Stratified sampling works in two steps. First, the researcher partitions the whole population into strata — mutually exclusive and collectively exhaustive subgroups defined by a characteristic relevant to the study, such as age band, region, or department. Then a random sample is drawn independently from within each stratum. Because every subgroup is sampled, no stratum can be missed by chance, which is the key difference from simple random sampling. The characteristic used to form strata should be related to the outcome being measured, or stratifying gains little.

Proportionate and disproportionate allocation

In proportionate stratified sampling, the number drawn from each stratum mirrors that stratum’s share of the population, so a group that is 20% of the population supplies 20% of the sample. In disproportionate allocation, researchers deliberately over-sample small but important strata — for instance a rare subgroup — to obtain enough cases for separate analysis, then weight the results to restore overall representativeness. Proportionate allocation is the common default; disproportionate allocation trades simplicity for statistical power within small subgroups.

Why it improves precision

When strata differ markedly on the variable of interest but members within each stratum are relatively similar, stratified sampling yields more precise estimates than simple random sampling of the same size, because it removes between-stratum variability from the sampling error. It also guarantees representation of every subgroup, which matters for fairness and for subgroup analysis. The cost is that it requires a sampling frame with known stratum membership in advance. This contrasts with cluster sampling, which divides the population into naturally occurring clusters and samples whole clusters, chosen mainly for convenience and cost.

Key facts

At a glance

  • Definition: probability sampling that splits the population into strata, then samples within each
  • Type: a probability (random) sampling method
  • Strata: mutually exclusive subgroups sharing a relevant characteristic
  • Allocation: proportionate (mirrors population) or disproportionate (over-samples small strata)
  • Benefit: better representativeness and precision when strata differ
  • Contrast: cluster sampling samples whole naturally occurring groups instead

Common misconceptions

What people often get wrong

Often heard: Stratified sampling and cluster sampling are basically the same method.
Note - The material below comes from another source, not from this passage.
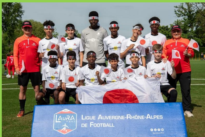
FC NIVOLET (U13G)

Félicitations au FC NIVOLET (U13G) qui termine sur le podium du FESTIVAL U13 PITCH REGIONAL et à l'ENTENTE G.A.P.S. – US DOMESSIN (U13F).

Actually: They differ fundamentally. Stratified sampling samples within every subgroup to ensure representation; cluster sampling randomly selects whole clusters and is chosen mainly for cost and convenience.

Often heard: Stratified sampling is a non-probability technique.

Actually: It is a probability method: within each stratum, units are selected at random, so every member of the population has a known, non-zero chance of selection.

Often heard: You can stratify on any variable and still gain precision.

Actually: Gains come only when the stratifying variable is related to the outcome and strata differ on it. Stratifying on an irrelevant characteristic adds complexity without improving estimates.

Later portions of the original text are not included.